• [Assignment]
What is needed is an exact reproduction of the lines from the one that contains "與 GMP 等嚴格標準。" through the end of the data, both included and nothing else, with pictures omitted.

• [Recorded data]
*** Begin section ***

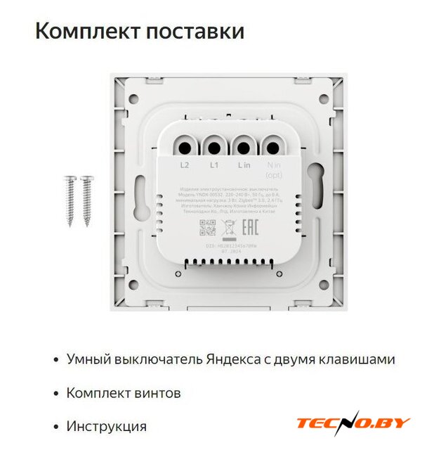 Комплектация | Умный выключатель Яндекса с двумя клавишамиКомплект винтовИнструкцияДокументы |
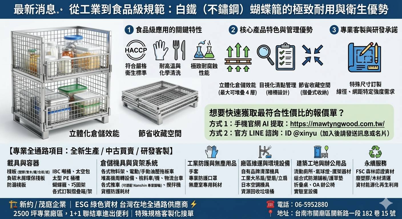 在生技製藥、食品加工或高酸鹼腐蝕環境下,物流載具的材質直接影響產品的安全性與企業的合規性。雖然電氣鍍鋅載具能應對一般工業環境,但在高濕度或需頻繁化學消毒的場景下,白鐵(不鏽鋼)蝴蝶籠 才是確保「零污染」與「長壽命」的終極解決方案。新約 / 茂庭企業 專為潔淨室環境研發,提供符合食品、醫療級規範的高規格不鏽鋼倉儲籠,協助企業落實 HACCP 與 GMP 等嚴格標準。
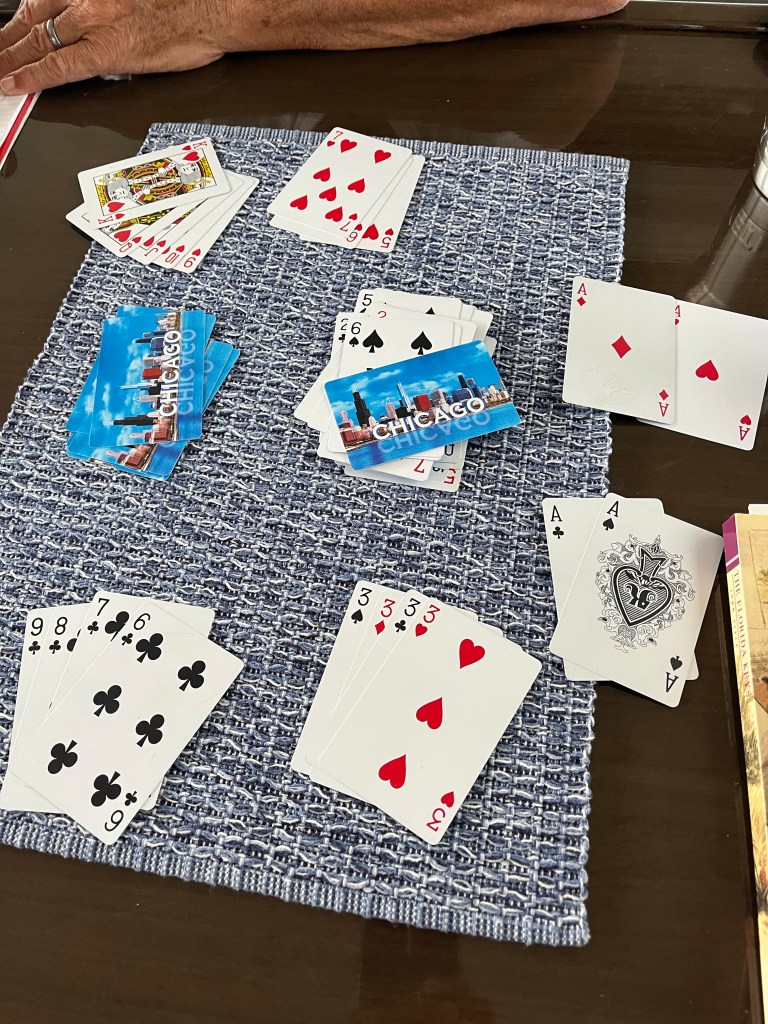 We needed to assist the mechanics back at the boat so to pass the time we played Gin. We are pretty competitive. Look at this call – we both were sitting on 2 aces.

*** End section ***

• [Solution below]
 在生技製藥、食品加工或高酸鹼腐蝕環境下,物流載具的材質直接影響產品的安全性與企業的合規性。雖然電氣鍍鋅載具能應對一般工業環境,但在高濕度或需頻繁化學消毒的場景下,白鐵(不鏽鋼)蝴蝶籠 才是確保「零污染」與「長壽命」的終極解決方案。新約 / 茂庭企業 專為潔淨室環境研發,提供符合食品、醫療級規範的高規格不鏽鋼倉儲籠,協助企業落實 HACCP 與 GMP 等嚴格標準。
 We needed to assist the mechanics back at the boat so to pass the time we played Gin. We are pretty competitive. Look at this call – we both were sitting on 2 aces.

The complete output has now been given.